Dataset extract START
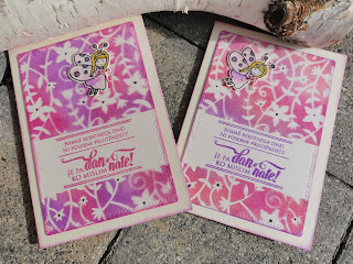 Digi (nagrada pri CRAFT-alnici) sem barvala s suhimi akvarelnimi barvicami, dodala wings of stella bleščice ter vse skupaj nalepila na ozadje pripravljeno z distressi preko stencil šablone. Priznam, da mi je barvanje te mavrično nagajive voščilnice za soseda, prav polepšalo dan :).
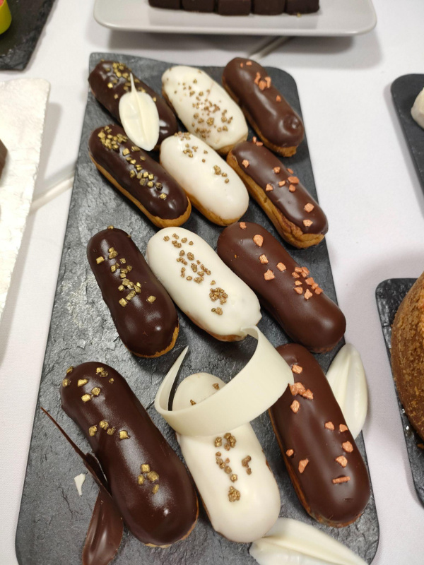 Начинку нагреть до 35С , нанести на эклеры, посыпать декором
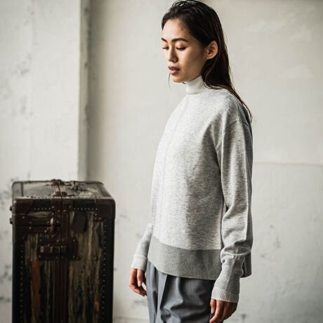 センターに編地でアクセントを付けて、さりげなく着映えるハイゲージニットに仕上げました。
Dataset extract END
What to produce
Copy the listing above exactly, minus the pictures.

Worked solution
 Digi (nagrada pri CRAFT-alnici) sem barvala s suhimi akvarelnimi barvicami, dodala wings of stella bleščice ter vse skupaj nalepila na ozadje pripravljeno z distressi preko stencil šablone. Priznam, da mi je barvanje te mavrično nagajive voščilnice za soseda, prav polepšalo dan :).
 Начинку нагреть до 35С , нанести на эклеры, посыпать декором
 センターに編地でアクセントを付けて、さりげなく着映えるハイゲージニットに仕上げました。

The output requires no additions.